The lapwing, or green plover, is called the peewit, from its singular cry, which exactly resembles that word. Several stories are told of the ingenuity of this bird, such as its stamping on the ground to make the worms on which it feeds rise to the surface; and the female pretending to be wounded in order to draw sportsmen away from her nest. To attain this end she will run along the ground with one wing hanging down, as if it were broken, till she thinks she has reached a sufficient distance, when she will spread both wings and fly away.
The whooping crane of North America is a stately bird, which, when standing erect, is nearly five feet high. Its feathers are of a pure white, excepting some of those of the wings, which are black. When wounded this crane defends itself with vigour, and has been known to strike its bill through a person's hand with the strength and sharpness of a dagger. These creatures build on the ground and assemble in vast flocks; and the noise they make when they take flight has been compared to an army of men shouting all together. Mr. Nuttall informs us that once when he was descending the Mississippi in the month of December, he observed the whooping cranes in countless thousands taking their flight towards more genial climates. "The clangour of these numerous legions passing along, high in the air, seemed almost deafening; the confused cry of the vast army continued with the lengthened procession, and as the vocal call continued nearly throughout the whole night without intermission, some idea may be formed of the immensity of the numbers now assembled on their annual journey to the regions of the south."

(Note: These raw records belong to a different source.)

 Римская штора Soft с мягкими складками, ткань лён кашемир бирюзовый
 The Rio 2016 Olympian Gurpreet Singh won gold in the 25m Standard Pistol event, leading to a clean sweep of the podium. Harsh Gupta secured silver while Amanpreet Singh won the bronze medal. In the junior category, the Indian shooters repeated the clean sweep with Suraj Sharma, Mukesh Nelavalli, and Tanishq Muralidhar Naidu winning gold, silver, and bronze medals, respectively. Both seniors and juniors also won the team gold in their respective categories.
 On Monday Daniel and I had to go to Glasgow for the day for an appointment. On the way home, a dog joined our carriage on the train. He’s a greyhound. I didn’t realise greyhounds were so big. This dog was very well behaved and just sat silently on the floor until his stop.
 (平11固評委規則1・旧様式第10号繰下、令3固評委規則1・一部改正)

The heron is a very elegant bird, that will stand for hours by the side of a piece of water, with one leg drawn up, watching for fish. When it flies it flaps its great wings so as to produce a very peculiar sound.
The stork is common in several countries in central and northern Europe, particularly in Holland and Poland. This bird appears to have been regarded with peculiar favour in almost all ages and countries, and wherever it is common its motions are watched with the greatest attention, and evil or good is predicted according to its movements. In Holland the storks build generally on the chimney tops, always returning to the same nest after their periodical migrations; and among the numerous stories that are told of them are two which are particularly interesting. One is of a poor stork who found the house on which he had been accustomed to build levelled with the ground, and who wandered about for several days in the most disconsolate manner, without thinking of choosing another habitation; and the other is of a female stork, who, at the conflagration of Delft, (in which town she had built her nest,) after repeated but unsuccessful attempts to carry off her young, chose rather to perish with them in the flames than to leave them to their fate, and actually suffered herself to be burnt alive. In Poland it is customary to cut the head off a Lombardy poplar and fix a cart wheel on the remains of the branches that are left, for the storks to build in; as, unless this is done in the neighbourhood of every country mansion, the country-people believe that some misfortune will befall the proprietors.

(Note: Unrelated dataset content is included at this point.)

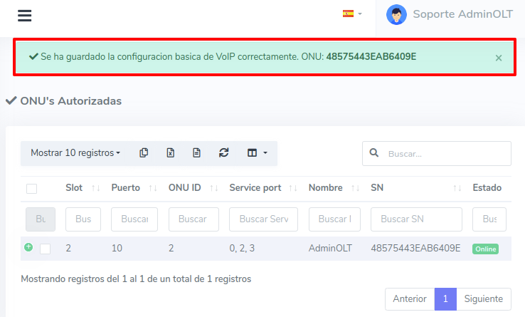 2Completamos la información para la configuración básica VOIP que tendrá la ONU.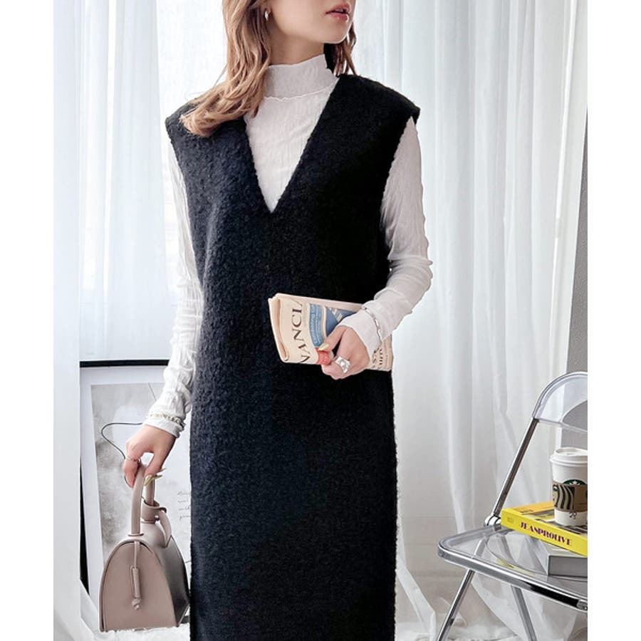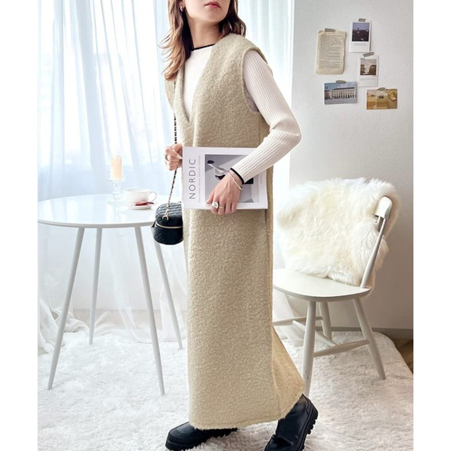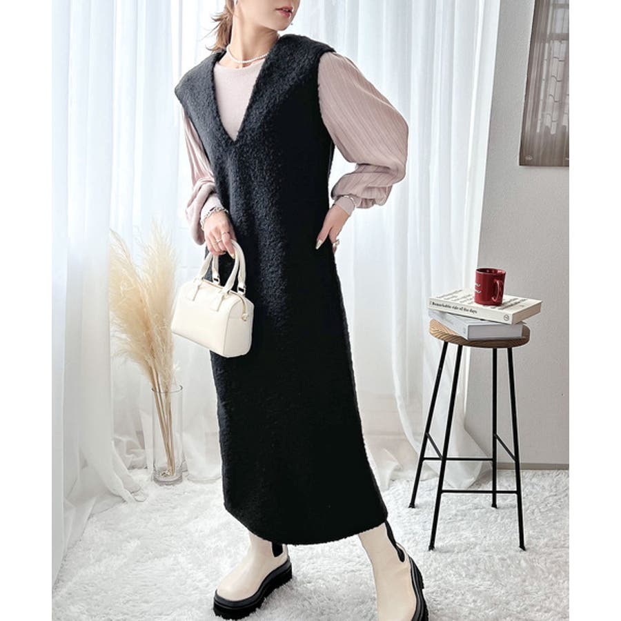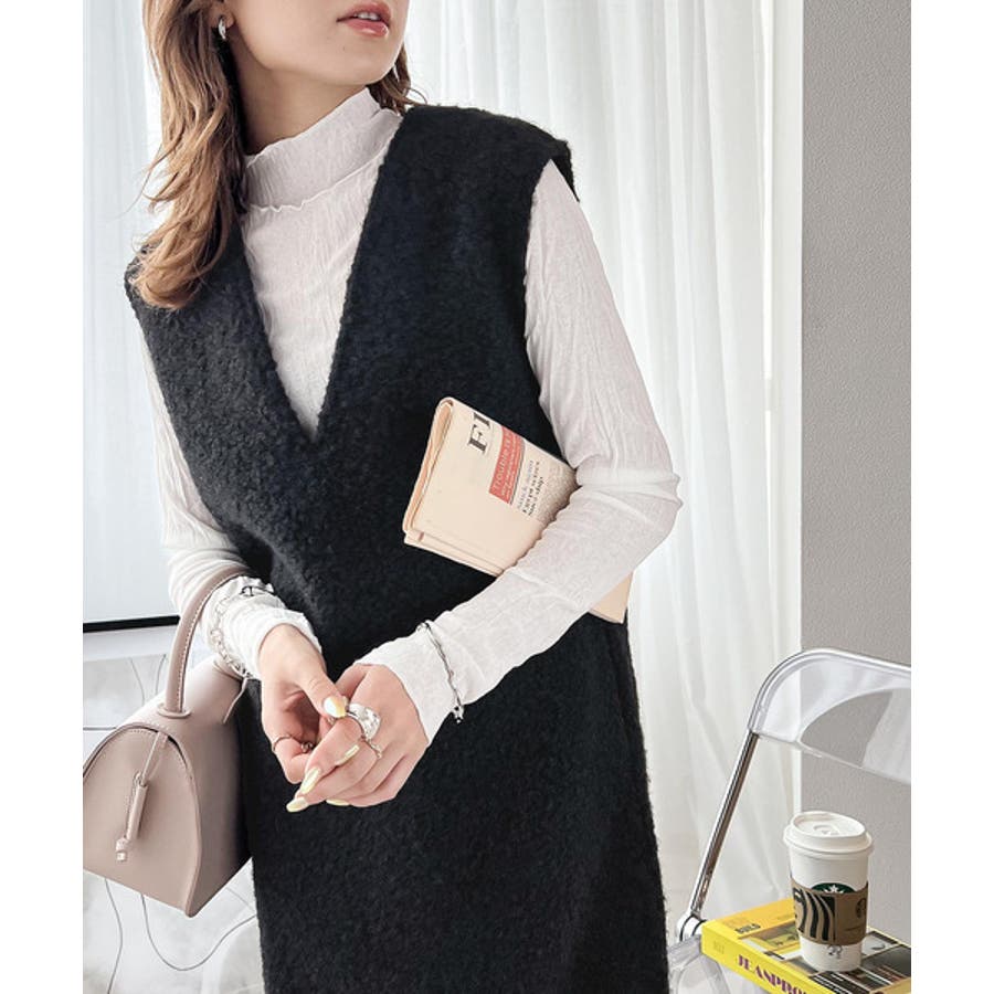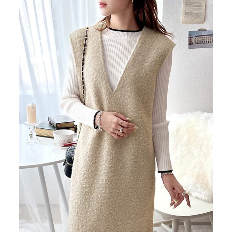 くるくる起毛がキュート。フェイクリングウール Vネックワンピース

The woodcock and the snipe feed by inserting the bill deep into the earth in search of worms, which are their favourite food. The bill of the woodcock is most admirably constructed for the functions it has to perform when thus immersed in the soil; for, in addition to its great length, it possesses a nervous apparatus distributed over the greatest part of its surface, so as to give it the sense of touch in the highest perfection, and it is provided with peculiar muscles which enable it to open the tip of its bill only so as to seize anything that it may meet with in the soil. The places haunted by woodcocks and snipes are generally bored all over with the holes made by their bills.
The stilts or avocets have round, slender, pointed bills, and enormously long legs, which are so disproportioned to the size of the body, that they look as though they were walking on stilts. The history of the European stilt is little known, but that of the North American species has been described at length by Wilson. This bird builds in salt marshes which are broken into numerous pools, but are rarely overflowed by the tide during summer, and which are generally so shallow that the avocets can easily wade through them, and bore the soft mud for the eggs of insects and spawn of fish, on which they principally feed. When the females are sitting, if any person should appear, the males rise rapidly in the air, "flying with their long legs extended behind them, and keeping up a continual yelping note, which sounds like click! click!" They will then alight on the bare marsh, dropping their wings, and standing with their legs half bent and trembling, as if unable to support the weight of their bodies. "This singular manoeuvre is no doubt intended to induce a belief that they may be easily caught, and so to turn the attention of the person from the pursuit of their nest and young to themselves." It is probably from a similar manoeuvre being practised by the common plover, that these birds are sometimes called long-legged plovers.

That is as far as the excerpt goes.